Goal of the exercise: Repeat only the lines below that run from the line with "This model is" to the line with "神戸生絲 婦人前開き7分袖(ボタン式)M No.50V ボタン肌着 オフ白", ends included; skip every picture.

Source records:
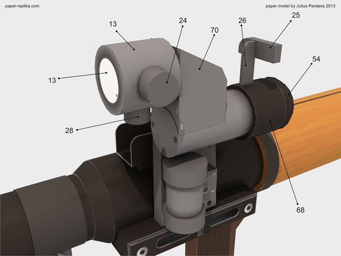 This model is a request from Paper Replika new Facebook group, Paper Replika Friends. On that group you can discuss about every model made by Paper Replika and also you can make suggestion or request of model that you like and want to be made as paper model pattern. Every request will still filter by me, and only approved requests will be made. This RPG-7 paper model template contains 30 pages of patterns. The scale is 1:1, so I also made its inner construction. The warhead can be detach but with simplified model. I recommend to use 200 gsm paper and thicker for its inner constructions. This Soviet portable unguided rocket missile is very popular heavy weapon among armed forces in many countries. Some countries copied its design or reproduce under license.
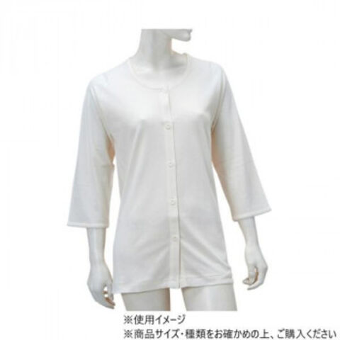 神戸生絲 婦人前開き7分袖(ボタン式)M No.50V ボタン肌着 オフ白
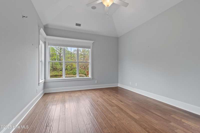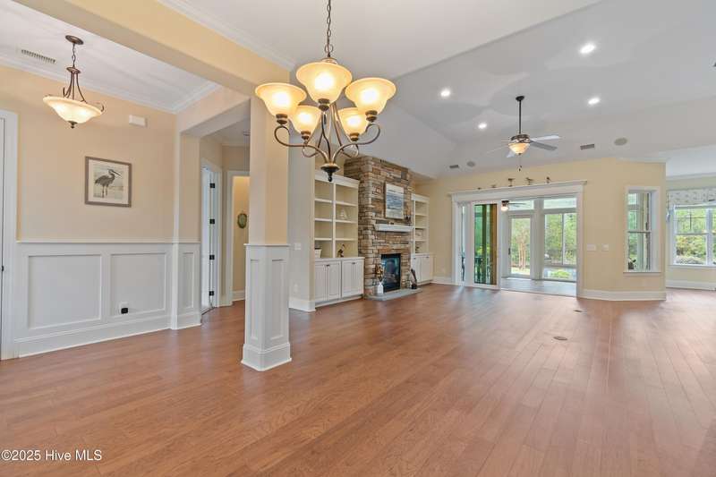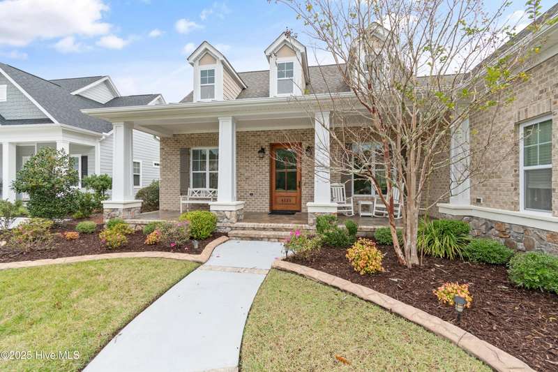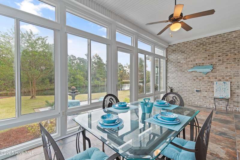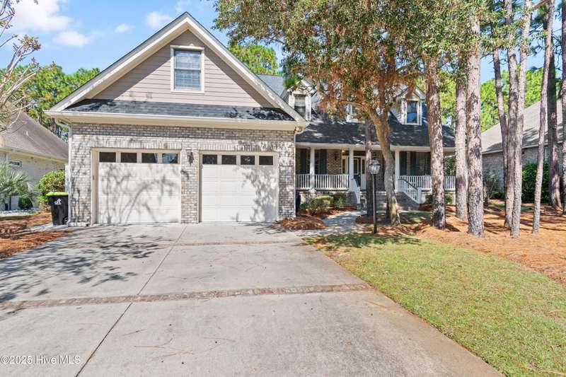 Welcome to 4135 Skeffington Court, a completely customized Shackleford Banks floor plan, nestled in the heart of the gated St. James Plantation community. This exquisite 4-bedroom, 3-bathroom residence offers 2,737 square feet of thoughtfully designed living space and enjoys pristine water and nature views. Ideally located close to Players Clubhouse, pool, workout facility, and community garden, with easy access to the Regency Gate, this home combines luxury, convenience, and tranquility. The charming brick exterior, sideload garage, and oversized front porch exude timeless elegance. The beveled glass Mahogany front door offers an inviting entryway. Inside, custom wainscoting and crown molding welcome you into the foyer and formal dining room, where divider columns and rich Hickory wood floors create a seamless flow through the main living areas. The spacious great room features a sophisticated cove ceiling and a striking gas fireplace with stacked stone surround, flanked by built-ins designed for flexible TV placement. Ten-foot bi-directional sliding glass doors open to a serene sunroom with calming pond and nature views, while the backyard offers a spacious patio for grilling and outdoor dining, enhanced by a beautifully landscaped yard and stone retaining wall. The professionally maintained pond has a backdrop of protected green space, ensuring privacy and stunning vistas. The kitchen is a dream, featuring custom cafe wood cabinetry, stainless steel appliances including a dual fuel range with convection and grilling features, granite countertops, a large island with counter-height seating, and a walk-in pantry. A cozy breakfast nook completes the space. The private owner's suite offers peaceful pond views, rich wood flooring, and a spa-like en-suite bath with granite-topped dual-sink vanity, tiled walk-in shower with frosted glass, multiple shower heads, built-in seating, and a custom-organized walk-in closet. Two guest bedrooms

---

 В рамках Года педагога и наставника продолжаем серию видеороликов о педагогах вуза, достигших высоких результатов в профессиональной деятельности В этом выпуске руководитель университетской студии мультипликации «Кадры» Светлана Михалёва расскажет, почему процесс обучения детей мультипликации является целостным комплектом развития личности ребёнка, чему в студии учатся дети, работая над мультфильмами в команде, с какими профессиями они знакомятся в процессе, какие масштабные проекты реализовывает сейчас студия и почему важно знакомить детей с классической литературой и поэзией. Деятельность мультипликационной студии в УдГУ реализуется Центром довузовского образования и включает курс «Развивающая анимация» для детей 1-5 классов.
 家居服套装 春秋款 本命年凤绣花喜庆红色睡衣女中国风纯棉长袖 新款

Output of the exercise:
 This model is a request from Paper Replika new Facebook group, Paper Replika Friends. On that group you can discuss about every model made by Paper Replika and also you can make suggestion or request of model that you like and want to be made as paper model pattern. Every request will still filter by me, and only approved requests will be made. This RPG-7 paper model template contains 30 pages of patterns. The scale is 1:1, so I also made its inner construction. The warhead can be detach but with simplified model. I recommend to use 200 gsm paper and thicker for its inner constructions. This Soviet portable unguided rocket missile is very popular heavy weapon among armed forces in many countries. Some countries copied its design or reproduce under license.
 神戸生絲 婦人前開き7分袖(ボタン式)M No.50V ボタン肌着 オフ白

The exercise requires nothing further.